How to calculate the Kolmogorov-Smirnov statistic

2019-04-11 13:09发布

问题:

Let's say that we have two samples data1 and data2 with their respective weights weight1 and weight2 and that we want to calculate the Kolmogorov-Smirnov statistic between the two weighted samples.

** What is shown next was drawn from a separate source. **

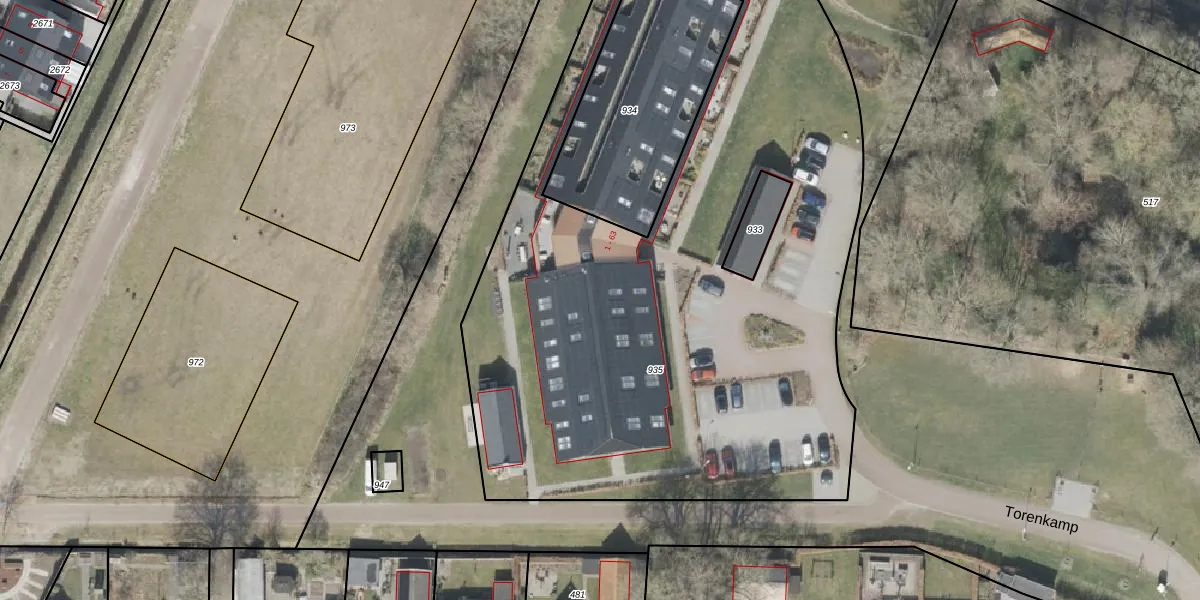 Het perceel waarop Torenkamp 57 staat heeft een oppervlakte van 4105 m². Dit is een zeer groot perceel. De perceeloppervlakte wordt geregistreerd door het Kadaster. Gedetailleerde informatie over de maten van dit perceel kunt u vinden in het rapport Kadastrale kaart met maatvoering van Torenkamp 57.

The way we do that in python follows:

def ks_w(data1,data2,wei1,wei2):
    ix1=np.argsort(data1)
    ix2=np.argsort(data2)
    wei1=wei1[ix1]
    wei2=wei2[ix2]
    data1=data1[ix1]
    data2=data2[ix2]
    d=0.
    fn1=0.
    fn2=0.
    j1=0
    j2=0
    j1w=0.
    j2w=0.
    while(j1<len(data1))&(j2<len(data2)):
            d1=data1[j1]
            d2=data2[j2]
            w1=wei1[j1]
            w2=wei2[j2]
            if d1<=d2:
                    j1+=1
                    j1w+=w1
                    fn1=(j1w)/sum(wei1)
            if d2<=d1:
                    j2+=1
                    j2w+=w2
                    fn2=(j2w)/sum(wei2)
            if abs(fn2-fn1)>d:
                    d=abs(fn2-fn1)
    return d

where we just modify to our purpose the classical two-sample KS statistic as implemented in Press, Flannery, Teukolsky, Vetterling - Numerical Recipes in C - Cambridge University Press - 1992 - pag.626.

Our questions are:

  • is anybody aware of any other way to do it?
  • is there any library in python/R/* that performs it?
  • what about the test? Does it exist or should we use a reshuffling procedure in order to evaluate the statistic?

回答1:

Studying the scipy.stats.ks_2samp code we were able to find a more efficient python solution. We share below in case anyone is interested:

from __future__ import division  # (for python 2/3 support)

import numpy as np

def ks_w2(data1, data2, wei1, wei2):
    ix1 = np.argsort(data1)
    ix2 = np.argsort(data2)
    data1 = data1[ix1]
    data2 = data2[ix2]
    wei1 = wei1[ix1]
    wei2 = wei2[ix2]
    data = np.concatenate([data1, data2])
    cwei1 = np.hstack([0, np.cumsum(wei1)/sum(wei1)])
    cwei2 = np.hstack([0, np.cumsum(wei2)/sum(wei2)])
    cdf1we = cwei1[[np.searchsorted(data1, data, side='right')]]
    cdf2we = cwei2[[np.searchsorted(data2, data, side='right')]]
    return np.max(np.abs(cdf1we - cdf2we))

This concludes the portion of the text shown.